There aren’t enough games nowadays that play for laughs. Sure, some games trend more light-hearted or humorous in tone, but it’s usually in service to a more foregrounded hero’s journey narrative. For a medium that owes so much to animation, especially cartoons, I can hardly think of any contemporary games working in the spirit of, say, the Looney Tunes. Unless you count the Rabbids, who (despite their successful turn as cannon fodder in Mario + Rabbids Kingdom Battle) usually turn everything in their path into a Minions-esque wasteland of hijinks. CHUCHEL, a point-and-click game from Czech studio Amanita Design, however, answers the call confidently, blending a DIY punk aesthetic with the Rube Goldberg-infused gags of a Wile E. Coyote short.

Mechanically CHUCHEL isn’t much of a departure from the point-and-click adventure foundations of the studio’s beautifully illustrated past efforts, such as Machinarium and the Samorost series.
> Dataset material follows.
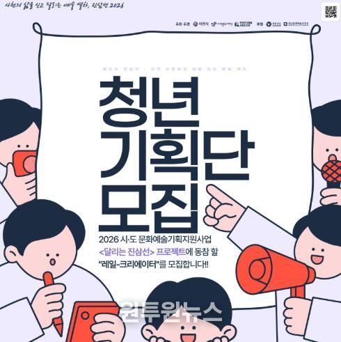 (원투원뉴스) 사천시는 “2026 시·도 문화예술기획지원사업”의 일환으로 진행되는 지역특화 문화예술 콘텐츠 ‘달리는 진삼선’ 프로젝트를 이끌어갈 청년 기획단 ‘레일-크리에이터’를 모집한다.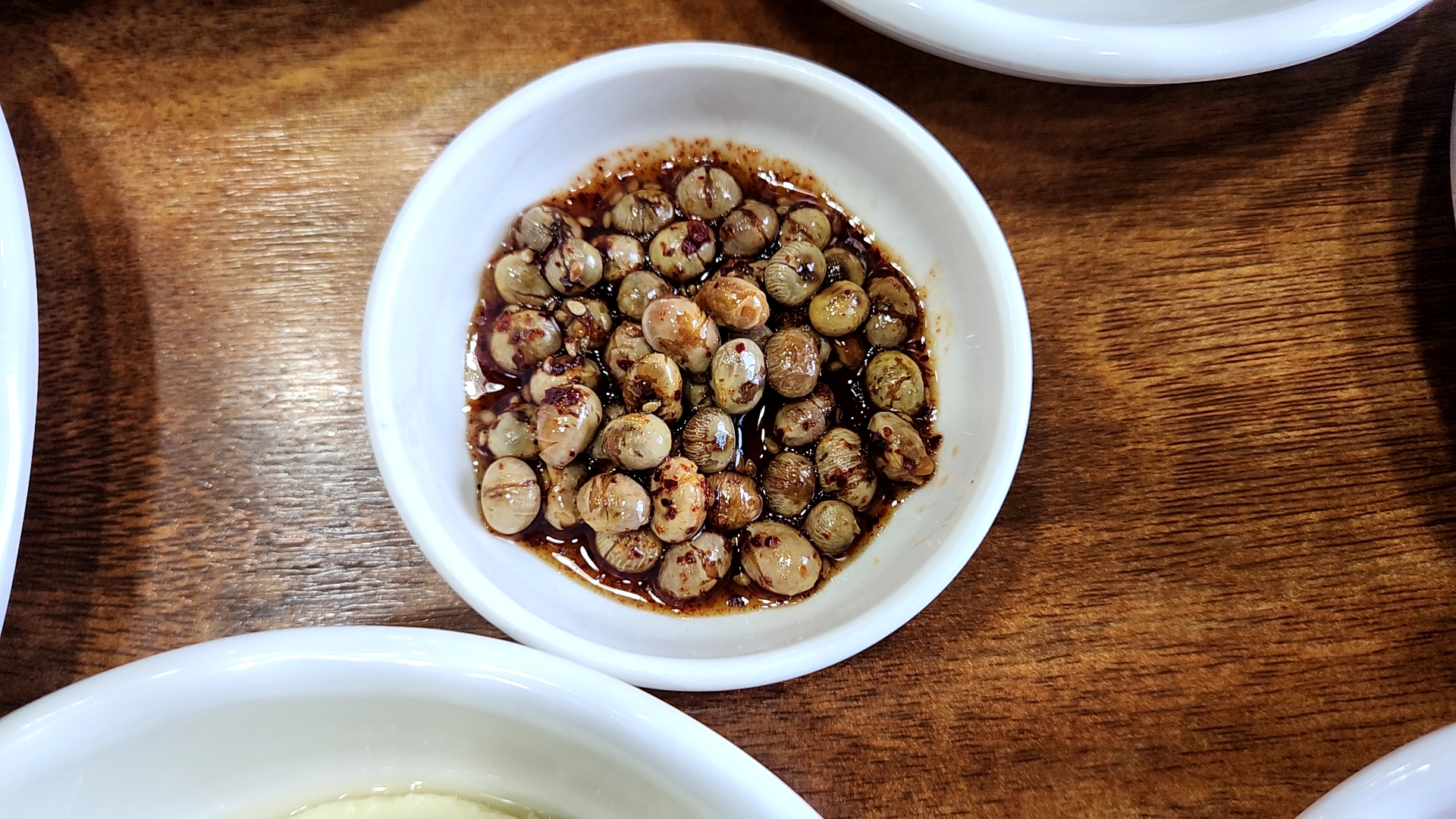먼저 밑반찬이 세팅되어요. 가자미 구이도 맛있고 메주콩도 맛있고 계란찜도 맛있어요. 메주콩 먹다 이빨 안나가게 조심해야 합니다.

You are given omniscient control over a scene, interacting with a variety of objects and creatures to progress to the next situation. Ostensibly, you also control Chuchel, a ball of fuzz or hair, in its quest to reclaim a stolen cherry. The cherry is each humorous scene’s MacGuffin—the Roadrunner to the aforementioned coyote. In each scene, the cherry is embroiled in increasingly ridiculous scenarios and Chuchel (joined later by a potato-shaped dog-like creature) is helpless to resist its allure.

CHUCHEL‘s foundations are that of a by-the-numbers Saturday-morning cartoon, but the game more than makes up for its stock narrative structure in style. A game like CHUCHEL runs the risk of being too precious, something like a Pixar short that lacks any of the emotional substance of a feature-length effort. Thankfully, the hand-drawn visual style of Amanita’s past titles returns in CHUCHEL, infusing the game with the independent ethos of a Don Hertzfeldt animation. Further turning the dial way down on preciousness is the fact some of the scenes and creatures in CHUCHEL are downright unsettling, recalling the body horror and startling scope transitions of The Ren and Stimpy Show—think extreme close-ups of hairy kneecaps. The idiosyncratic, freak folk score from Czech band DVA only rounds out the game’s absurd aesthetic.

Despite its peculiar flourishes, CHUCHEL positions itself as Amanita Design’s most welcoming game yet. While some sequences involve the impressionistic brand of puzzling found in the studio’s other games, it won’t take you as long to tease what is required to progress. Some scenes aren’t puzzles at all, but playful what-if riffs on games like Tetris or Pac-Man. Overall there is a great sense of variety for a game that takes roughly two hours to complete. Its length, too, is well-considered, as a much longer game comprised the same types of slapstick gags would wear out its welcome.

CHUCHEL‘s variety does expose occasional warts. Some sections, while manageable with a mouse, are screaming for the touch-based controls of a phone or tablet. The game is bound for those devices in the near future, and, like last year’s Gorogoa, they might be the better venue for this type of game. Shorter pick-up-and-play sessions on mobile devices might also lend to the episodic way CHUCHEL is segmented. During a single session playthrough, I couldn’t help but find it a bit strange that I was shown the game’s title card over and over again like I was binge-watching a Netflix show.

None of these complaints squander CHUCHEL‘s goodwill, however. Amanita Design’s attempt to make a comedy game using their point-and-click adventure formula succeeds. By blending singular hand-drawn illustration and animation styles with time-tested comedic tropes, CHUCHEL, while never quite reaching laugh out loud heights, made me smile in a way few games ever do.

This review is based on the PC version of the game, which was provided by Amanita Design.


CHUCHEL aims to be a mostly comedic turn for Amanita Design and succeeds due to a winning combination of idiosyncratic aesthetic choices and streamlined point-and-click mechanics.